It is normal for many environments to run applications in the cloud. For some environments, the new normal is running applications in multiple clouds, as well as running applications in their own data center or private cloud. If the new normal includes a data center plus multiple cloud environments, then we need to know how to protect applications running in those environments. Using different backup applications for the three different environments can get complicated, and complication equals risk.
It is this new world of multiple clouds and data centers that Datos IO claims to address with its latest release of RecoverX. If you’re not familiar with Datos IO, be sure to check out our previous briefing note on its product. A brief summary is that it is a data protection product designed for extreme scalability and cloud suitability. Its initial release targetes non-relational databases such as Cassandra and MongoDB, since there are not a lot of products going after that growth market.
With some time under its belt, RecoverX is now stretching its wings to protect other applications in the cloud and the data center. RecoverX 2.0 includes data protection and data mobility for relational databases. The product allows you to backup relational databases running in any cloud vendor and your data center, and then allows you to easily recover or migrate that application to any cloud vendor or your own data center.

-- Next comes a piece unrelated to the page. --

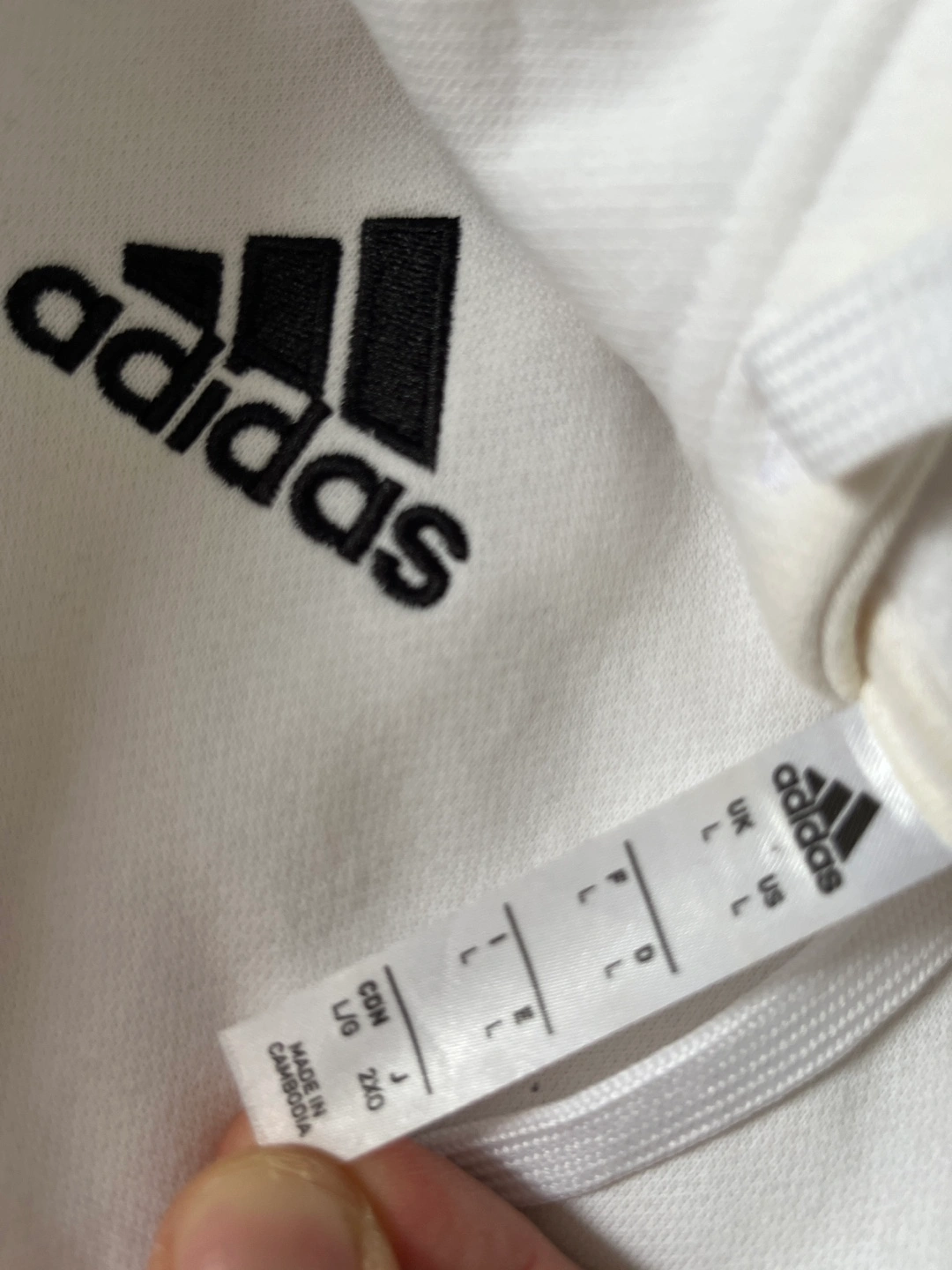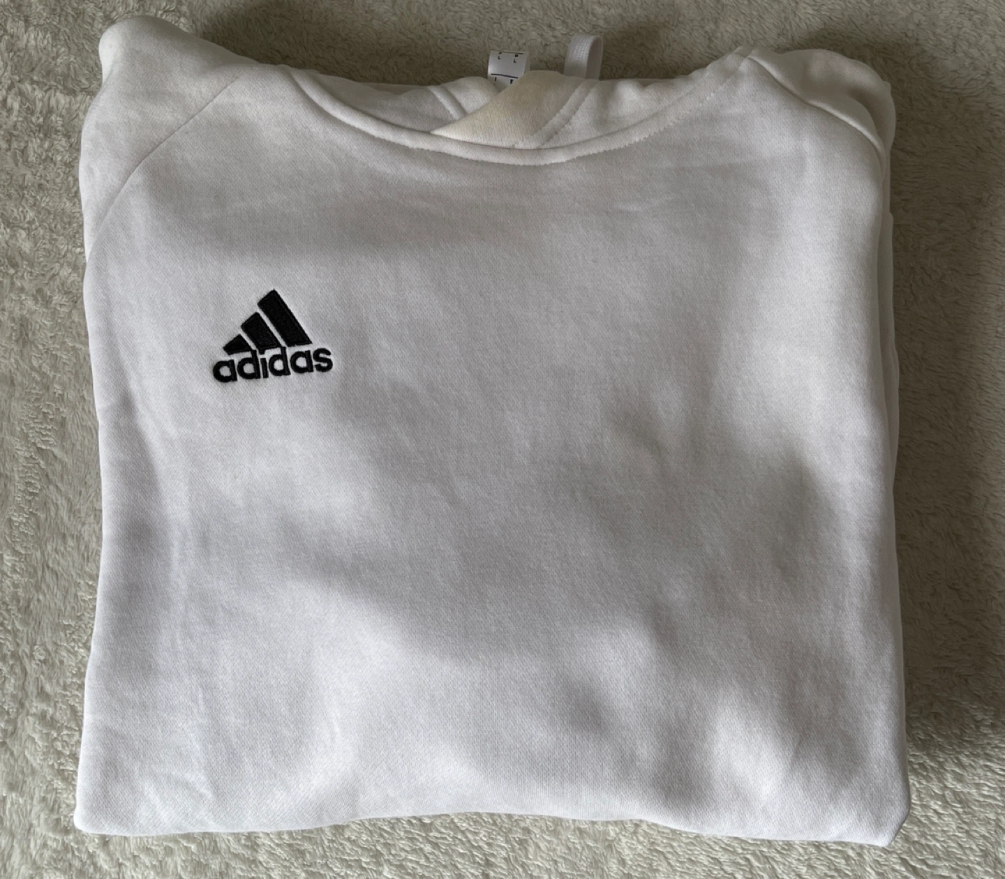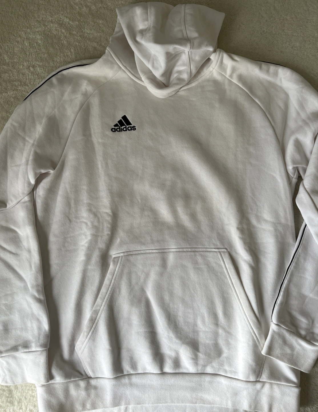 Men's Adidas hoodie. White colour. Size large. Features a kangaroo pocket and thin black stripes along the sleeves. Made in Cambodia.

Datos IO is quick to mention that a key element of its products is semantic deduplication. Most deduplication is block-based, and most backup dedupe is done by first unpacking the backup format, and then applying a block-based deduplication algorithm. The challenge with block-based deduplication is that it is very CPU intensive, so deduplication vendors must strike a balance between deduplication ratios and performance. The smaller the block size the deduplication algorithm looks at, the better the deduplication ratio will be. A 256K block size would render great deduplication ratios, but it would require the creation of 16 times more SHA256 hashes than the typical block size of 8K that is used by most deduplication products.

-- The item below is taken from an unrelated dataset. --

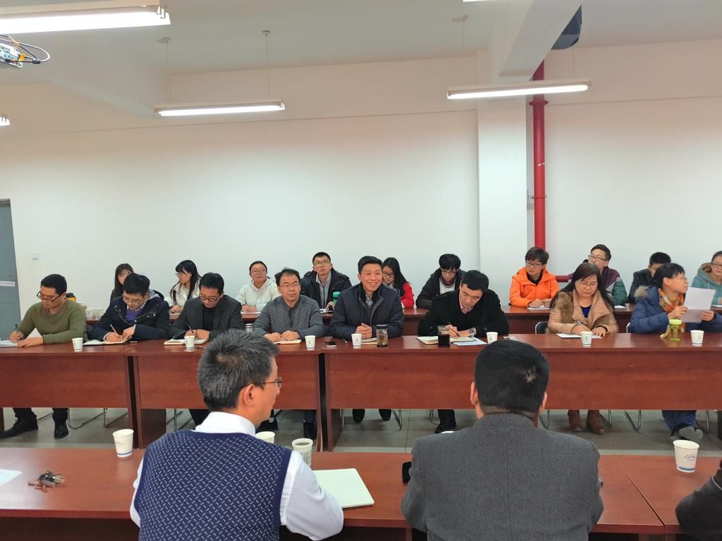 财务处副处长兼机关十二支部书记王凯对两个支部共建活动方案进行介绍,通过讲授一堂专题党课,组织一次业务研讨,搭建一个合作平台,举办一次专业比赛,开展一系列师生活动的“五个一”系列活动将共建活动继续推向深处,落到实处。财务处副处长刘刚发言,希望会计系教师能够对财务处人员进行最新会计学相关业务及知识的培训,增强人员的工作能力。会计系主任袁显平感谢财务处对Mpacc学生的培养的大力支持,希望以后加强业务领域合作,做好会计人才培养工作。

Semantic deduplication looks at the change vectors themselves, such as a single element in a single table being changed from 5 to 7. Storing that change with a semantic deduplication system might require a few bytes of storage. But if you made that change, backed it up, and then submitted it to a block-based deduplication system, it would store at least 8 KB. This is why Datos IO advertises a 10 X bidirectional move efficiency of semantic deduplication over the alternatives.
Both the data protection and data mobility features employ source-side application listeners that perform their deduplication before transmitting backups or migration jobs across the wire. Like the previous version of RecoverX, this product also uses a non-media server architecture; backups are sent straight to a scale out cluster running the RecoverX software. Datos IO announced that RecoverX 2.0 also includes support for increasing the size of the RecoverX cluster from 3 to 5 nodes. Datos IO designed the product to be scalable to many more nodes, but this is what it has tested and is supporting today.

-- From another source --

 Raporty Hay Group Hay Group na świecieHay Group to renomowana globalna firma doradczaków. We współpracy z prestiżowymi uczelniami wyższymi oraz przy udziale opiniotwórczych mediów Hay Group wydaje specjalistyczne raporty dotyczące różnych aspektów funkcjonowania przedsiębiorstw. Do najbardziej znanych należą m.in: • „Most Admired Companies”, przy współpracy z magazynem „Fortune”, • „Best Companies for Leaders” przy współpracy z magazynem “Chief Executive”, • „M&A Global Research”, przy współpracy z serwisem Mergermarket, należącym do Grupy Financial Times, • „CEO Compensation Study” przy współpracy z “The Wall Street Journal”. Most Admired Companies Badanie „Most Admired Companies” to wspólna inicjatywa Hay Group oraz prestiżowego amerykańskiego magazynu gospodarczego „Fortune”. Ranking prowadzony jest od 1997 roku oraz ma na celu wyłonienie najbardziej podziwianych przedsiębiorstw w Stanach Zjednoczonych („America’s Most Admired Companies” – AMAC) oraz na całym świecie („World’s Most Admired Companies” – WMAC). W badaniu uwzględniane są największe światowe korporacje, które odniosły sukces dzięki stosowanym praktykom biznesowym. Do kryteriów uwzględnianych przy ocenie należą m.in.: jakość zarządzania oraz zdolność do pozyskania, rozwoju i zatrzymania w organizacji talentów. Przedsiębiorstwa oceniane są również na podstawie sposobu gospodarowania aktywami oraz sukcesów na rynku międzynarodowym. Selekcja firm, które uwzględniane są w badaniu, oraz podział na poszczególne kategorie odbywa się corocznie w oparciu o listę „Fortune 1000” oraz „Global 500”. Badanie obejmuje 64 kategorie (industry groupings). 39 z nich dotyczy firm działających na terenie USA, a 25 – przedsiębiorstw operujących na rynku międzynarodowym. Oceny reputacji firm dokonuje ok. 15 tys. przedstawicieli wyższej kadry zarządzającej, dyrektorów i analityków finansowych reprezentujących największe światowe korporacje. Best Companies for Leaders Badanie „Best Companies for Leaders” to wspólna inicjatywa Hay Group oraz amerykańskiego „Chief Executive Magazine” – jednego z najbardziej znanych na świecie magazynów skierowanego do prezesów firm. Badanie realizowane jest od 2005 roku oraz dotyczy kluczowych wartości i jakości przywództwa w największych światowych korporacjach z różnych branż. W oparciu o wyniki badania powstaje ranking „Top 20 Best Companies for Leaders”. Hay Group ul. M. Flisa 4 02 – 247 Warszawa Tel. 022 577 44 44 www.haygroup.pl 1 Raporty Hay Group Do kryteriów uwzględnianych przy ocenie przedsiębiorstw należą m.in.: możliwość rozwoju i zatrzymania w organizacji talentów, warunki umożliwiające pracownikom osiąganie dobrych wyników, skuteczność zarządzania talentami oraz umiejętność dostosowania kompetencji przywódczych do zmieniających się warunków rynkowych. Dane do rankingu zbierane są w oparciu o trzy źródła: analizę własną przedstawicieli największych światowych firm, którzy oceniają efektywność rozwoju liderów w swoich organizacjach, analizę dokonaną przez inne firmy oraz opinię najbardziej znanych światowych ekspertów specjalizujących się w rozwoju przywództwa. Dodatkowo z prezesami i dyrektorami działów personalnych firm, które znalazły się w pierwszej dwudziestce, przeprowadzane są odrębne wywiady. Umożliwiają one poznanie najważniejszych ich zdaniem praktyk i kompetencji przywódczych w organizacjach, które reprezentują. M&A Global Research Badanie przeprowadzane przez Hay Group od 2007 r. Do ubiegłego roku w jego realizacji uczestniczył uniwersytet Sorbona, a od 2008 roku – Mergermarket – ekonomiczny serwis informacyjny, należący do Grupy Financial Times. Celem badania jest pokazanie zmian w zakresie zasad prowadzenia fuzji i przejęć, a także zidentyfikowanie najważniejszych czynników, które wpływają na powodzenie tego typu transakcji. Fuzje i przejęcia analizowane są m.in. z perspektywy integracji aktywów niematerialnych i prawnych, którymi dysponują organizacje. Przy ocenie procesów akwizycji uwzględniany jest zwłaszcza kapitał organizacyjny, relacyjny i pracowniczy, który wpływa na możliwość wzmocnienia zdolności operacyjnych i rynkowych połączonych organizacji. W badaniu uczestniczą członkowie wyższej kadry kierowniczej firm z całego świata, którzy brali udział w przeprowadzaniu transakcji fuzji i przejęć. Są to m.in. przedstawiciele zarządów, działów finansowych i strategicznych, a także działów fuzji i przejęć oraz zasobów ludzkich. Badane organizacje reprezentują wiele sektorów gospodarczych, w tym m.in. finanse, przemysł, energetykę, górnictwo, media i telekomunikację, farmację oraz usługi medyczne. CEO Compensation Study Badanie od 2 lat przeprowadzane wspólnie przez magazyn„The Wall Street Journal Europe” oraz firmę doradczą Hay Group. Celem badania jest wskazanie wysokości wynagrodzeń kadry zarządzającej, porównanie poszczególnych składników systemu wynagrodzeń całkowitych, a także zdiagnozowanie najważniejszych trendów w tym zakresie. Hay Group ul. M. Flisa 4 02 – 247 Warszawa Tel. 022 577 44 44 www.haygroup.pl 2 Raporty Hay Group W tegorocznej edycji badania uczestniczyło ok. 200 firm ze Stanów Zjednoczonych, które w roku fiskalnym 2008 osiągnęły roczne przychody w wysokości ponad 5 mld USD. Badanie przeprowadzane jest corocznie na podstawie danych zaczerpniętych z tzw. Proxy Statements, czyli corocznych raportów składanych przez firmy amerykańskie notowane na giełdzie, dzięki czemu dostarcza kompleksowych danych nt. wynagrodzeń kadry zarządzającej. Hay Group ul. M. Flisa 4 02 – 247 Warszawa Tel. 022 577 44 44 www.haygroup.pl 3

Finally, RecoverX 2.0 includes data protection for big data file systems, such as Hadoop and HDFS. It supports backing these systems up in a similar way to how it handles large databases by using a listener that provides incremental-forever backups. The product also supports semantic deduplication, but currently it is only at the file level. Datos IO’s representatives did say that it is examining the possibility of looking for changes within a file the way RecoverX looks for changes within a database.
RecoverX is a very different data protection product written for a very different world than that existed before the cloud. It is unique in its support for the cloud without ignoring the data center. This unique combination of features that allows a customer to protect applications and scale-out file systems no matter where they reside, and recover or migrate those applications anywhere else they might reside is quite powerful.